Plan local and free-tier GPU workflows around llmfit and curated provider data.

Project description

free-gpu

free-gpu is a terminal-first planner for free and near-free compute.

It is designed to sit on top of llmfit:

  • llmfit answers: what models fit my local hardware?
  • free-gpu answers: given this workload and compute need, which providers should I use, and how should I split work across local plus remote stages?

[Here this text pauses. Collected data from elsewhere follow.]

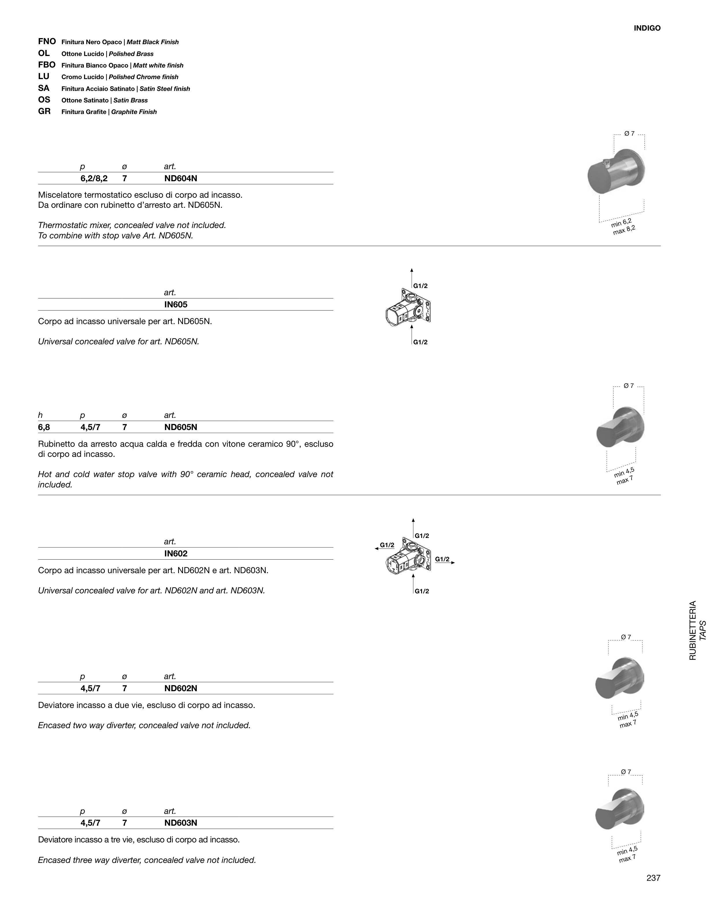 Universal concealed valve for art. ND602N and art. ND603N.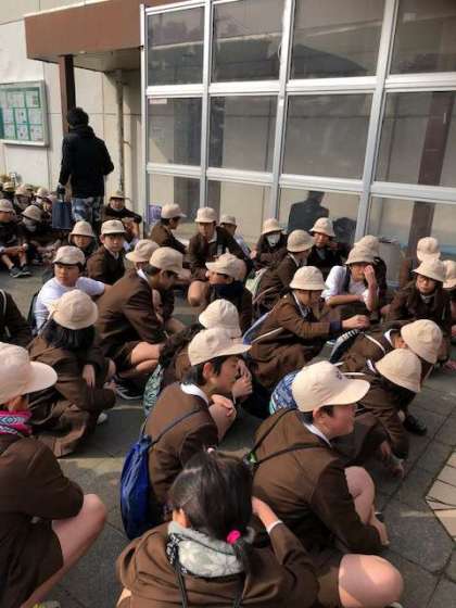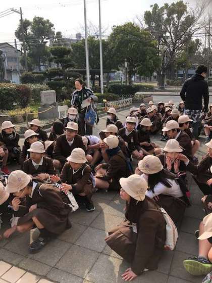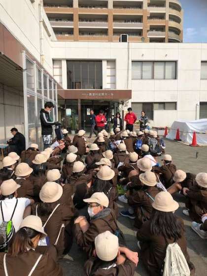 今日は、西淀川区民センターで、防災サバイバルの体験学習に来ました。どんな学習か、とても楽しみにしているようです。
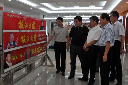 枝江酒業(yè)黨委書記張華(左一)向趙市長(左三)介紹枝江酒業(yè)不同發(fā)展階段的形象代言人8月27日,黑龍江省綏化市委常委、常務副市長趙萬山一行…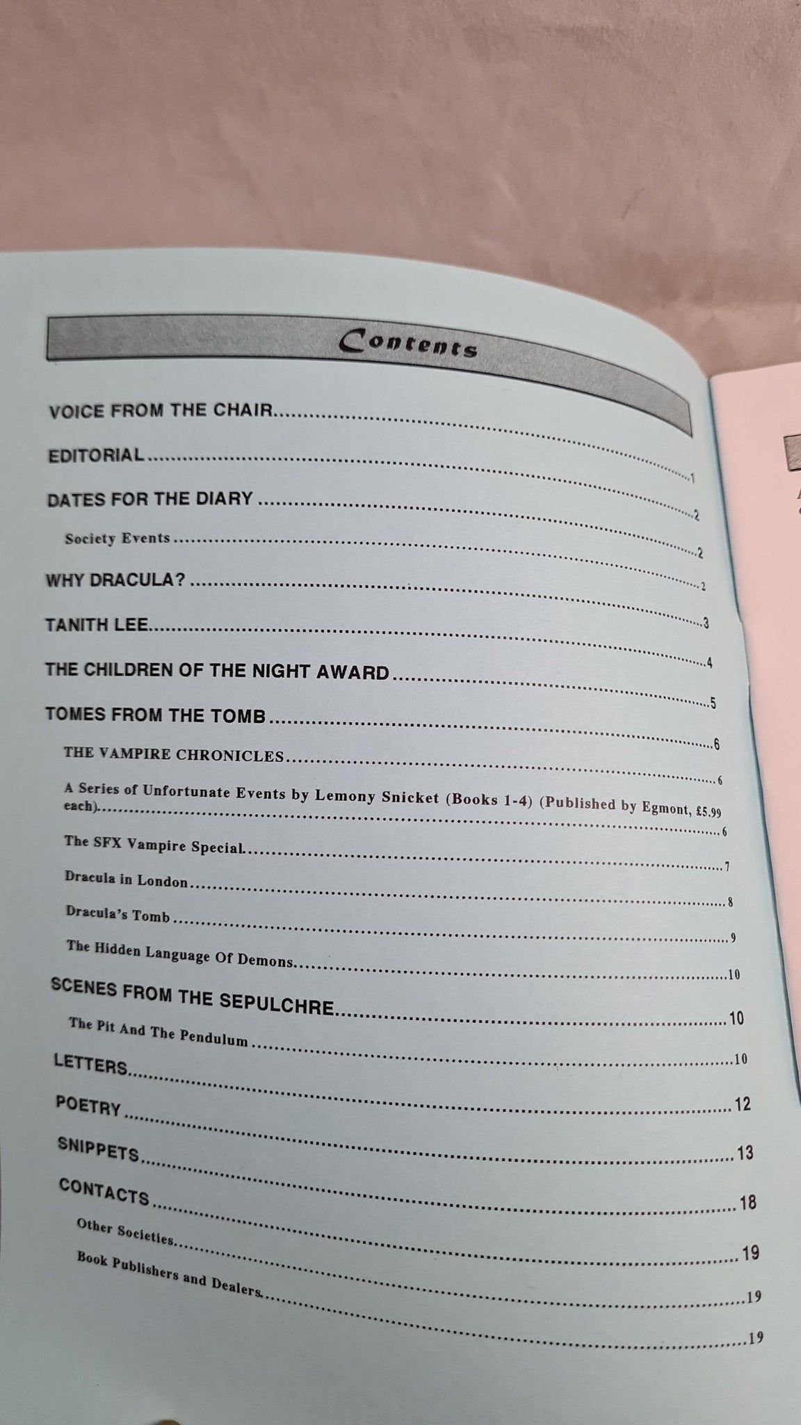 Society Updates: It features reports on Society events and meetings, as well as announcements for future gatherings like the annual Bram Stoker Birthday Dinner. Reviews and Articles: Members contribute reviews of books, films, and theatre productions. Feature articles explore various aspects of the Gothic and supernatural genres. Photography: Issues often include photographs taken by members during Society trips and events. Submissions: The publication is specifically for Society members; it does not accept external submissions or publish original fiction.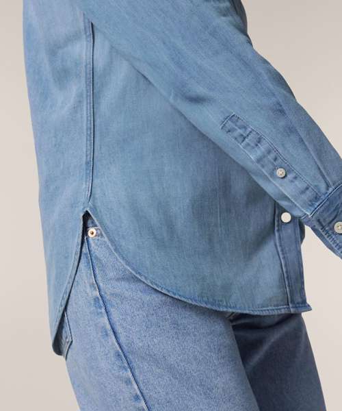 The Stella denim shirt for women. Medium fit. Point collar with single-needle topstitches. Collar stand with one contrast button. Front placket with single-needle topstitches on each side. Forwarded shoulder. Back yoke. Inside yoke in self-fabric. Set-in sleeves. Sleeve placket with one button. Cuff with two buttons. Straight cuff corners. Double pleats at cuff seam. Faded look on all seams due to garment washing – indigo yarn dyed product – so each garment may vary in appearance.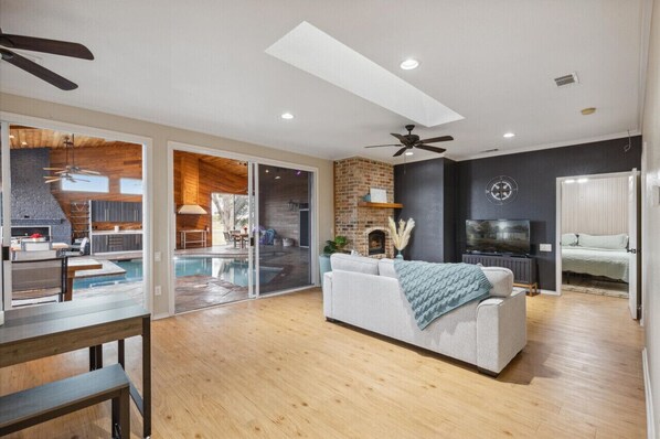 Rockwall Ranch is a sprawling 5-acre estate perfect for groups & gatherings! 6,000 sqft of luxury living space with finely crafted finishes and high-end amenities are sure to impress in this 7-BD/5.5-BA home. From the indoor Texas-shaped heated pool to an inviting fire pit area & private attached guest home, every inch of our pet-friendly property is designed to create unforgettable experiences for up to 18 overnight guests. Plus, we are 15 minutes to Rockwall & the lake and within walking distance from “The Pearl at Sabine Creek” wedding venue.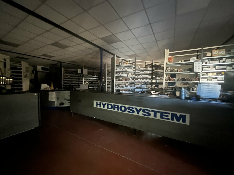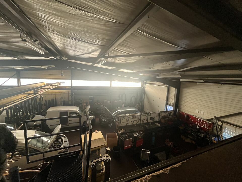 Un atelier de 300 m² avec porte sectionnelle 4 × 5 m, pont roulant 2 tonnes, récupérateur d'hydrocarbures, toilettes et douche, mezzanine de 250 m² environ complète la partie atelier.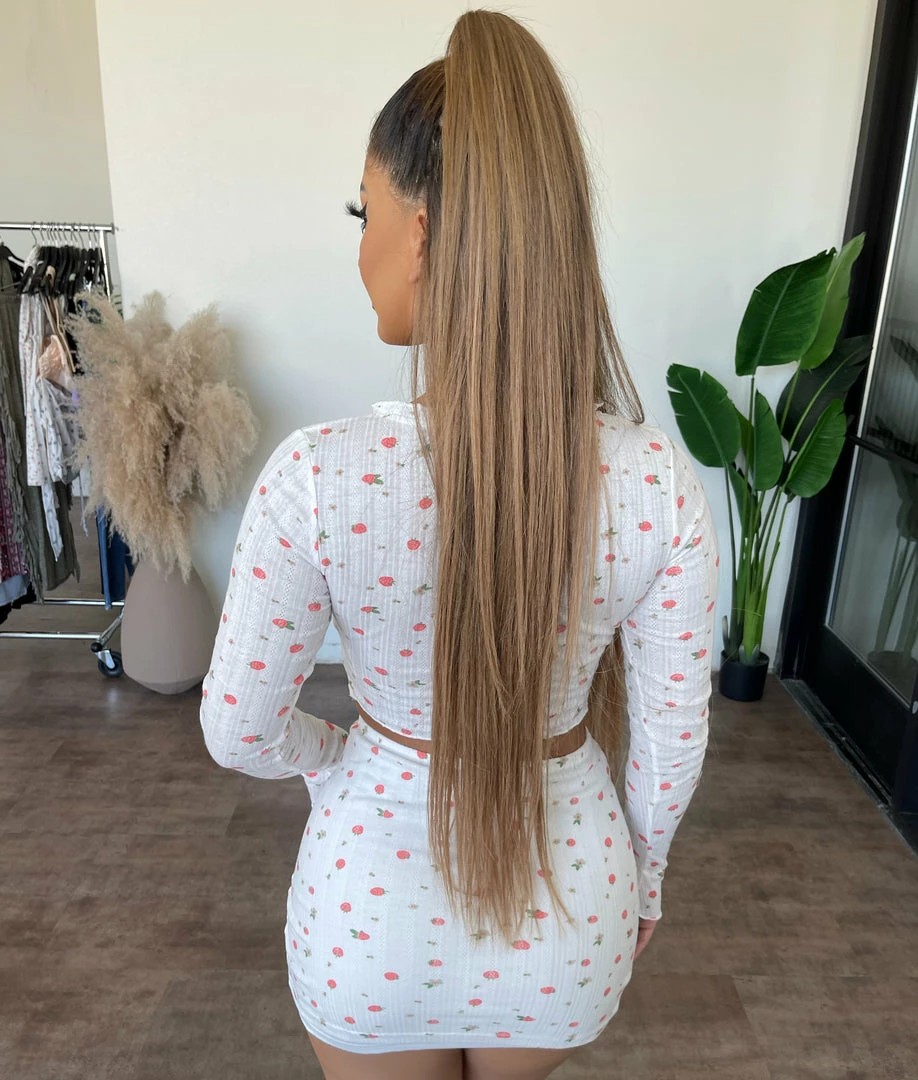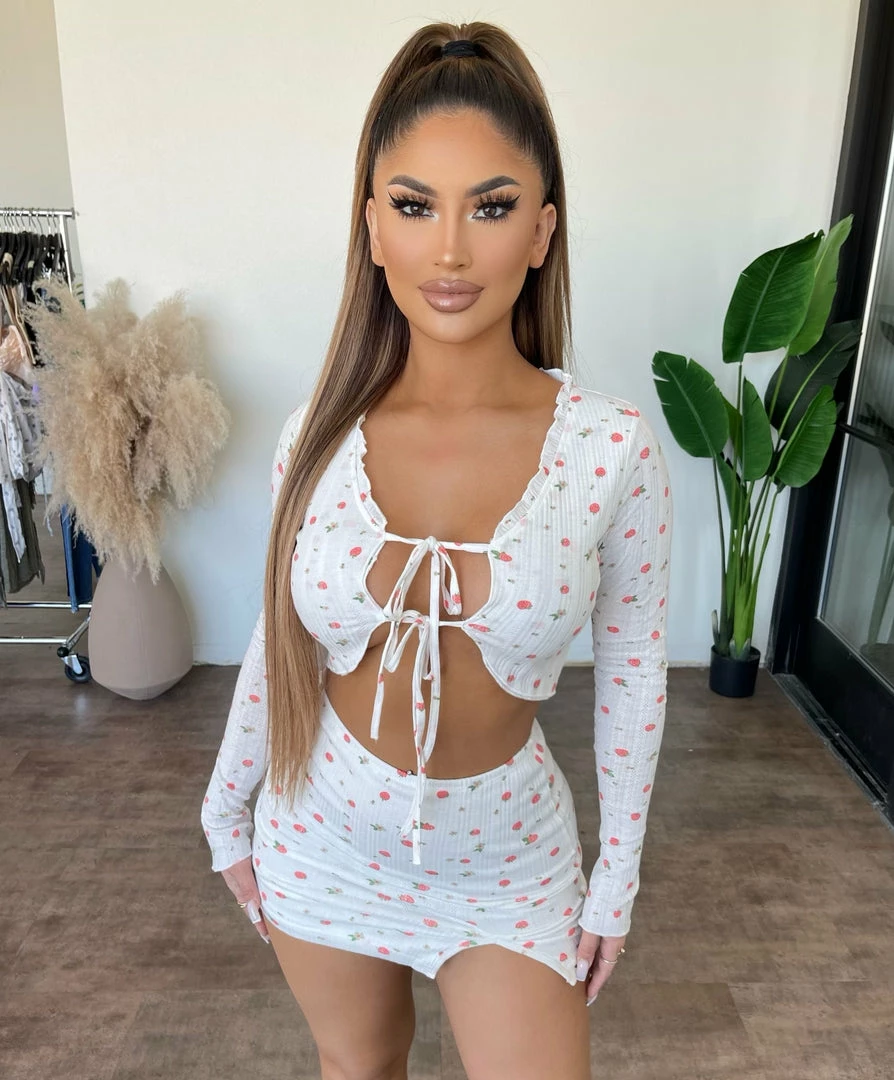 ~Set made from printed material with long sleeve top and skirt for bottoms, Set goes great with sneakers or heels and perfect for many occasions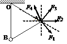 如图所示,用两根细线把A、B两小球悬挂在天花板上的同一点O,并用第三根细线连接A、B两小球,然后用某个力F作用在小球A上,使三根细线均处于直线状态,且OB细线恰好沿竖直方向,两小球均处于静止状态.则该力可能为图中的( )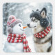 Un chien coquin et un bonhomme de neige se font face, entourés d'un paysage enneigé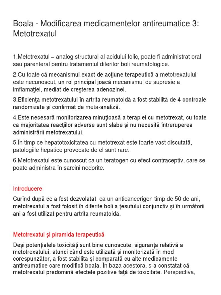 Metotrexat Efecte Indicații Efecte Secundare științifico Practic Medical Journal 2020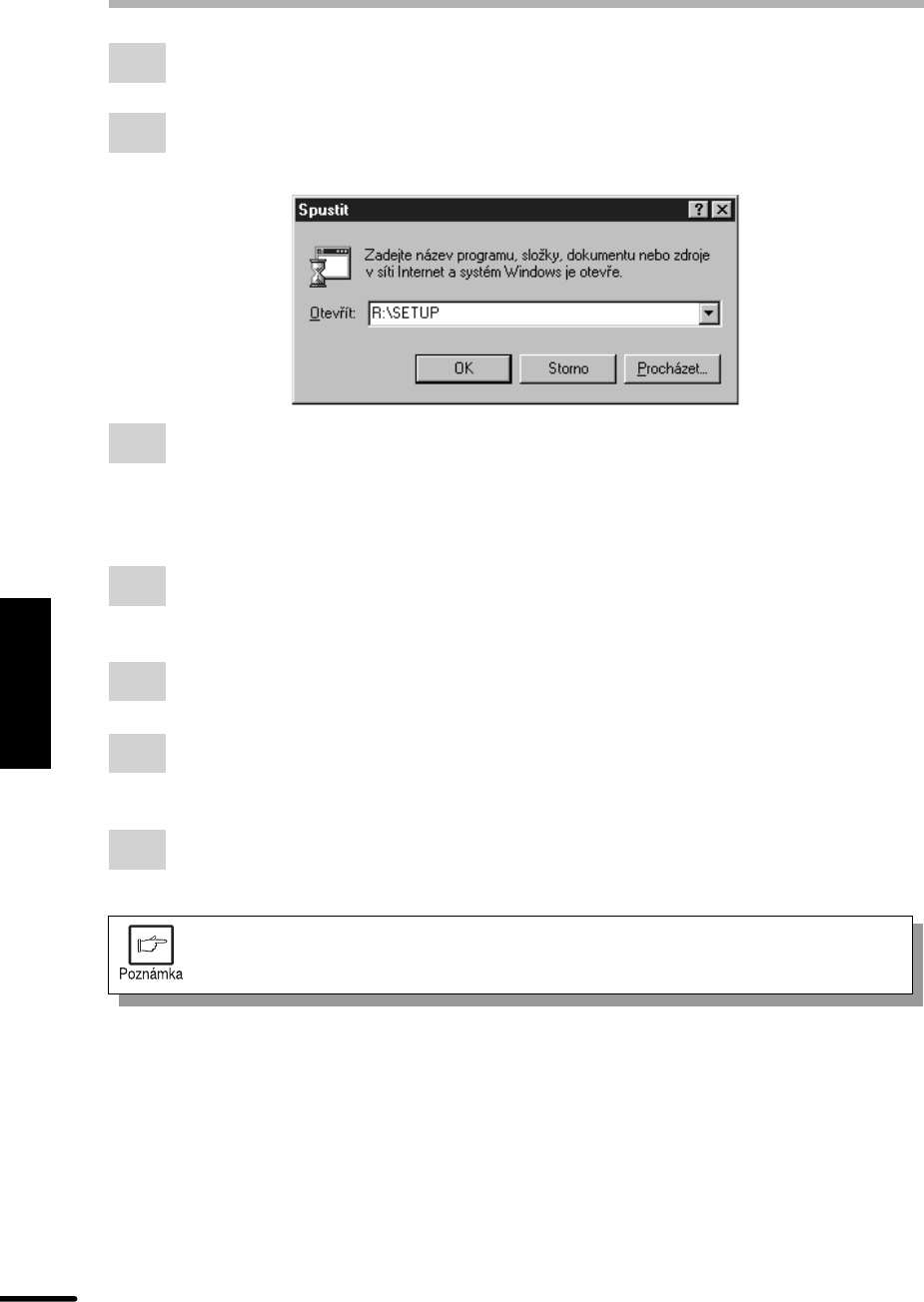 Spustit. Jakmile se objeví níe zobrazené okno, napite R:\SETUP (je-li jednotka

The point is not to clone llmfit. The point is to use llmfit as the local-fit engine, then add provider filtering, role-aware ranking, and workflow planning around free, cheap, and grant-style compute.

What users actually get

free-gpu helps answer questions like:

  • "I need quick inference for a small coding task. Which free-tier provider is the least painful?"
  • "I need a few hours of GPU time for LoRA fine-tuning. Should I look at credits, trials, or a cloud free tier?"
  • "This task is too heavy for casual free tiers. Which grant or program lane should I think about instead?"
  • "What should stay local, and what should move to remote compute?"

What the repo includes

  • The original provider dataset in free_gpu/gpu_compute_database.csv
  • A Python CLI for provider ranking and workflow planning
  • A Textual TUI focused on provider selection rather than local model browsing
  • A small MCP server so external agents can ask for provider plans programmatically
  • A GitHub Pages-ready project page in docs/index.html

Core product rules

  • Role is a ranking lens, not a hard exclusion filter.
  • Budget buckets are semantic UX buckets, not literal accounting truth.
  • Grant-like providers behave like card-required options.
  • The planner should surface the right provider lane for the task instead of treating every task as the same generic ranking problem.

Provider lanes

free-gpu is not only about "free" in the narrow sense. It plans across several practical lanes:

  • free tier: browser notebooks, starter quotas, short session access
  • under-25: credits, trials, starter plans, light paid-but-cheap access
  • grant: startup programs, research allocations, application-based access, and other heavier support paths

That matters because different tasks naturally fall into different lanes:

  • quick demos and lightweight inference often fit the free-tier lane
  • medium notebook work and moderate fine-tunes often fit the under-25 or credit lane
  • heavier training and long-running work often belong in the grant lane

Workflow logic

The planner estimates a compute lane from:

  • workload
  • model size
  • target VRAM
  • estimated task hours
  • parallel jobs
  • API needs

Then it schedules providers accordingly:

  • burst: short runs, quick inference, fast-start options
  • session: notebook or credit-backed work that lasts longer
  • heavy: bigger VRAM or sustained remote compute
  • grant-scale: tasks that look more like allocations, programs, or heavy research/startup support

Each workflow step carries its own compute summary, so a multi-stage plan can recommend different provider types for prep, fine-tune, eval, and serving.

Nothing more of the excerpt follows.